### EXERCISE INSTRUCTIONS
Once you find the line below that has "Featuring an ice", output it and every line after it exactly, stopping after the line that has "interessanten literaturgeschichtlichen Einblicken.", with no pictures.

### DATA FOR THIS TASK
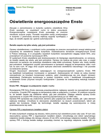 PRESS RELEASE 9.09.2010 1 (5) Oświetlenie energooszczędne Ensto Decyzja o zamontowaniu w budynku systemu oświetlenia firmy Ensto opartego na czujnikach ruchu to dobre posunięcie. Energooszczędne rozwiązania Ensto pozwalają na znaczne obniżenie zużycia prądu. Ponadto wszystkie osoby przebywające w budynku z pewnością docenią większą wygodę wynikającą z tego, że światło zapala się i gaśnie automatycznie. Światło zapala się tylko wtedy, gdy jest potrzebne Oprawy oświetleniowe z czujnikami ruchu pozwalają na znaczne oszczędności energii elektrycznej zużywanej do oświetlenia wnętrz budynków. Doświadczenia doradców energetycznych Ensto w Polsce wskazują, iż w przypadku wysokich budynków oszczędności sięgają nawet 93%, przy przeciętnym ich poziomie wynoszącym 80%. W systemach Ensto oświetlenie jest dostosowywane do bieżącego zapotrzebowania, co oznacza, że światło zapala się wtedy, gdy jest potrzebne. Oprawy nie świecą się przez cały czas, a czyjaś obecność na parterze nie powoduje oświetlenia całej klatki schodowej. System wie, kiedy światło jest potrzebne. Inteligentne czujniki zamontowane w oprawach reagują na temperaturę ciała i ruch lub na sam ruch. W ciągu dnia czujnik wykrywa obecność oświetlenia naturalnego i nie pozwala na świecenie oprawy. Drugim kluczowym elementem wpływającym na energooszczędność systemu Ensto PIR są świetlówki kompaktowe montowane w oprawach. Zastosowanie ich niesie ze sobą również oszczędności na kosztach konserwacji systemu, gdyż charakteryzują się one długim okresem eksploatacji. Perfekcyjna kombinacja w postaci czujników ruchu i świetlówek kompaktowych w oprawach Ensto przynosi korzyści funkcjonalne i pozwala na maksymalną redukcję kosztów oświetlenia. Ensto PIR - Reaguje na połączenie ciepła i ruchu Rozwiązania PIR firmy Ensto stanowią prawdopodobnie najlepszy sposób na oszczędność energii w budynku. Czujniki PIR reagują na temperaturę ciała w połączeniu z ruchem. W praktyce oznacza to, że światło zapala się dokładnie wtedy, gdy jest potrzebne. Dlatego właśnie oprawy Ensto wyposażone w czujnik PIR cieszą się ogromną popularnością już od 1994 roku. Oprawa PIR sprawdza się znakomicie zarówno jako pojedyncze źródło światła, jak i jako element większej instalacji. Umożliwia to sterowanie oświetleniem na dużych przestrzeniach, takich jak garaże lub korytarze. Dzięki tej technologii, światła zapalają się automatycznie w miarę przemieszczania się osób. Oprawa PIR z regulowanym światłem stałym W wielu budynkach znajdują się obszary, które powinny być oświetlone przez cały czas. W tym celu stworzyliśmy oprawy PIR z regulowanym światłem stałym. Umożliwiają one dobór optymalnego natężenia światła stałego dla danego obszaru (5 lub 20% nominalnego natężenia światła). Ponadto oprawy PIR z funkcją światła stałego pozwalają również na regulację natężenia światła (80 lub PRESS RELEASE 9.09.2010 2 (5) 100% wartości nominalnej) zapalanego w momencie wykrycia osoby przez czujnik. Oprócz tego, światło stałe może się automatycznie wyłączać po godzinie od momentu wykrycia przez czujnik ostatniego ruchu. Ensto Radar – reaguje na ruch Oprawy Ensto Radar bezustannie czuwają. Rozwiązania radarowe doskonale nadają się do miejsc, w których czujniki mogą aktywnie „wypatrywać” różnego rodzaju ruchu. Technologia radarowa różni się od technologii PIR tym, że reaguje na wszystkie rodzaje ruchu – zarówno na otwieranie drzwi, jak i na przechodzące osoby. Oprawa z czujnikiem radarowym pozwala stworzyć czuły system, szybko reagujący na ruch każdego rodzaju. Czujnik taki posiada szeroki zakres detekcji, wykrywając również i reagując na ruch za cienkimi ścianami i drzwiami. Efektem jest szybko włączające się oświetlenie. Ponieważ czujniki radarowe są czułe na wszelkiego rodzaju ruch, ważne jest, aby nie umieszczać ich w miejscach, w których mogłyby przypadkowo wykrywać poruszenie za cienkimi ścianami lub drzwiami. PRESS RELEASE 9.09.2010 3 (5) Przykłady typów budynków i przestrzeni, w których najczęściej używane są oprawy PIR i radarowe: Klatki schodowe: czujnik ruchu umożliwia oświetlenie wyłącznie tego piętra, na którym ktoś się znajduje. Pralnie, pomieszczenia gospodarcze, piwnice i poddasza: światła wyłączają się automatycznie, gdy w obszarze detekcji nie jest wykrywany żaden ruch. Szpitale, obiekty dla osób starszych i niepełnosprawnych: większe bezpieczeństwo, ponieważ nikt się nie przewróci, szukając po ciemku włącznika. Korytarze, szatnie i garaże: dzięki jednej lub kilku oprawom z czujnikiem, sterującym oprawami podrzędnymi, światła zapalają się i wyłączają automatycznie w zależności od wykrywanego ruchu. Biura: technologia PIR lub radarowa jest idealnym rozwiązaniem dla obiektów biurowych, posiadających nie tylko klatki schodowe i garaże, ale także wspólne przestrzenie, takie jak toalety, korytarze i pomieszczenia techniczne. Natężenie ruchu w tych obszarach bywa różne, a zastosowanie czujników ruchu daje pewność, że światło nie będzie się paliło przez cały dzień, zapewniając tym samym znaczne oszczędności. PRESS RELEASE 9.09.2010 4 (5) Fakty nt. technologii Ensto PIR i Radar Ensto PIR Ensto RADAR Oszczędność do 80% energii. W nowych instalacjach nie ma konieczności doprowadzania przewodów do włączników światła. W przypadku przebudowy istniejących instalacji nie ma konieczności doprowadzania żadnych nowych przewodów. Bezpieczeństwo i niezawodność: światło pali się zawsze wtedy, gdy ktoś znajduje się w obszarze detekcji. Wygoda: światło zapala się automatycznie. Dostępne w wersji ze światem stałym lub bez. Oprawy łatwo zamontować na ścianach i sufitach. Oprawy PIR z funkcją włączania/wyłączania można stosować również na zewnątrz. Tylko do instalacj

...

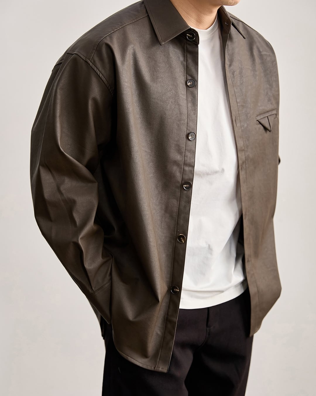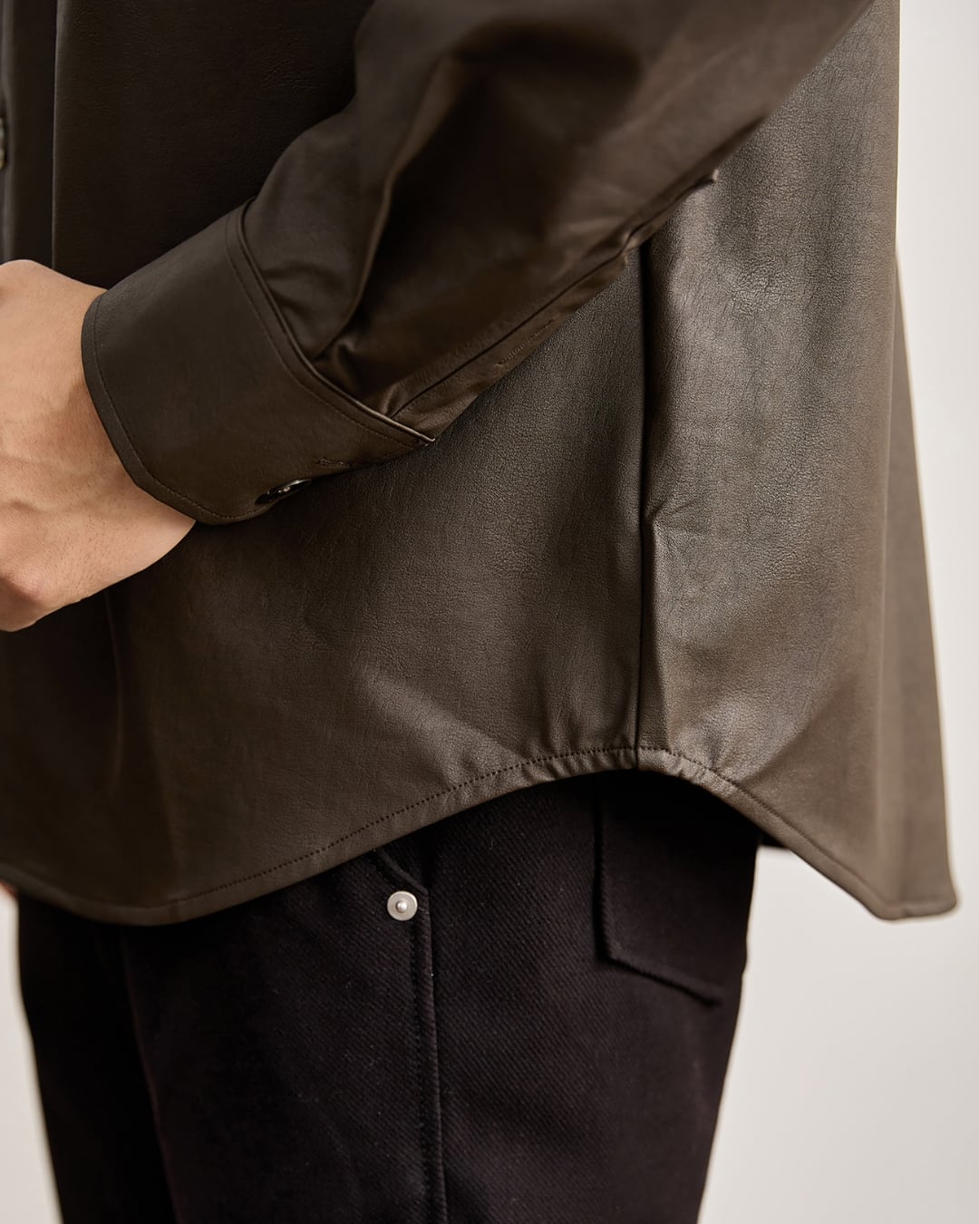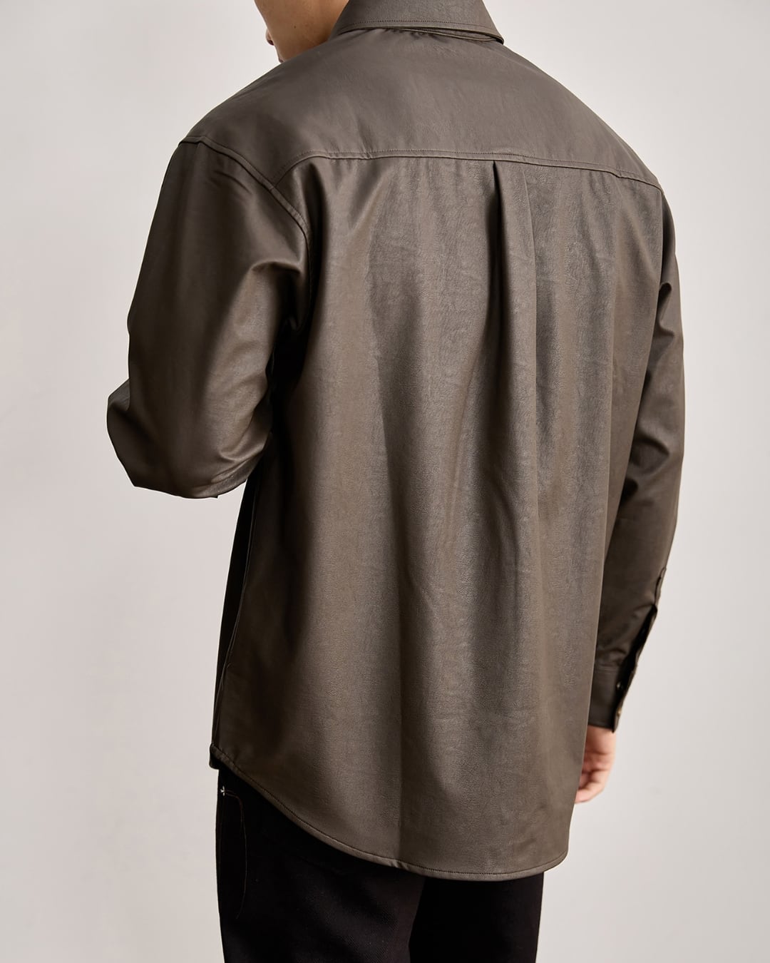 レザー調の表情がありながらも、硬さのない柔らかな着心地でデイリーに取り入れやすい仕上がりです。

* * *

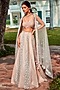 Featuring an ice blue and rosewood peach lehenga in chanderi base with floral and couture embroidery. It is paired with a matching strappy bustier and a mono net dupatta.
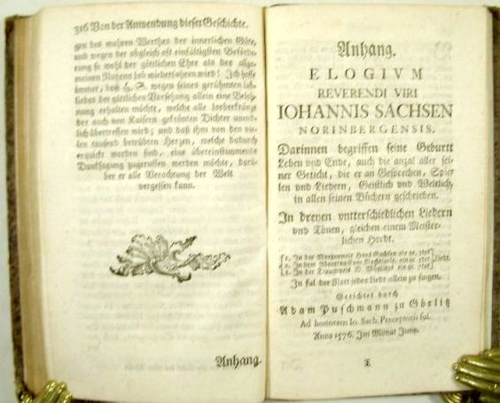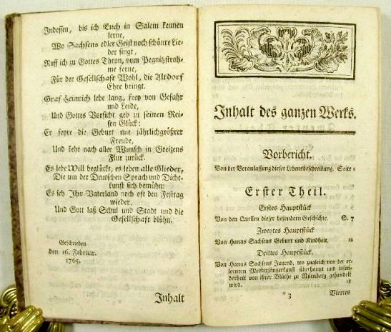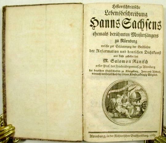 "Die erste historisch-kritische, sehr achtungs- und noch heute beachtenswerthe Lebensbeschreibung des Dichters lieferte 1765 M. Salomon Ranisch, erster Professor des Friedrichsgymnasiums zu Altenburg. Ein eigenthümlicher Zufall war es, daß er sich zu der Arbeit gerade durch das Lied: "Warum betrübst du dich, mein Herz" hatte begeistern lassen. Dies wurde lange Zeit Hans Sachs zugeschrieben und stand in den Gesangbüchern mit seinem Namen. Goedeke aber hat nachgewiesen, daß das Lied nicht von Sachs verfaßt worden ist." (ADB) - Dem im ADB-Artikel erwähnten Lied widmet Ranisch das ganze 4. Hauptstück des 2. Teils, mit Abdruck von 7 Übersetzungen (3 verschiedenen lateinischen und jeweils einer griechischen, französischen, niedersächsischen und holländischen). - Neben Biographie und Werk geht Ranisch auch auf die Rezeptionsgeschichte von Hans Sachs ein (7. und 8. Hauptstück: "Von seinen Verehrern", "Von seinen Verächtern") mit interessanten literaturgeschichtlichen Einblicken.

### YOUR SOLUTION
 Featuring an ice blue and rosewood peach lehenga in chanderi base with floral and couture embroidery. It is paired with a matching strappy bustier and a mono net dupatta.
 "Die erste historisch-kritische, sehr achtungs- und noch heute beachtenswerthe Lebensbeschreibung des Dichters lieferte 1765 M. Salomon Ranisch, erster Professor des Friedrichsgymnasiums zu Altenburg. Ein eigenthümlicher Zufall war es, daß er sich zu der Arbeit gerade durch das Lied: "Warum betrübst du dich, mein Herz" hatte begeistern lassen. Dies wurde lange Zeit Hans Sachs zugeschrieben und stand in den Gesangbüchern mit seinem Namen. Goedeke aber hat nachgewiesen, daß das Lied nicht von Sachs verfaßt worden ist." (ADB) - Dem im ADB-Artikel erwähnten Lied widmet Ranisch das ganze 4. Hauptstück des 2. Teils, mit Abdruck von 7 Übersetzungen (3 verschiedenen lateinischen und jeweils einer griechischen, französischen, niedersächsischen und holländischen). - Neben Biographie und Werk geht Ranisch auch auf die Rezeptionsgeschichte von Hans Sachs ein (7. und 8. Hauptstück: "Von seinen Verehrern", "Von seinen Verächtern") mit interessanten literaturgeschichtlichen Einblicken.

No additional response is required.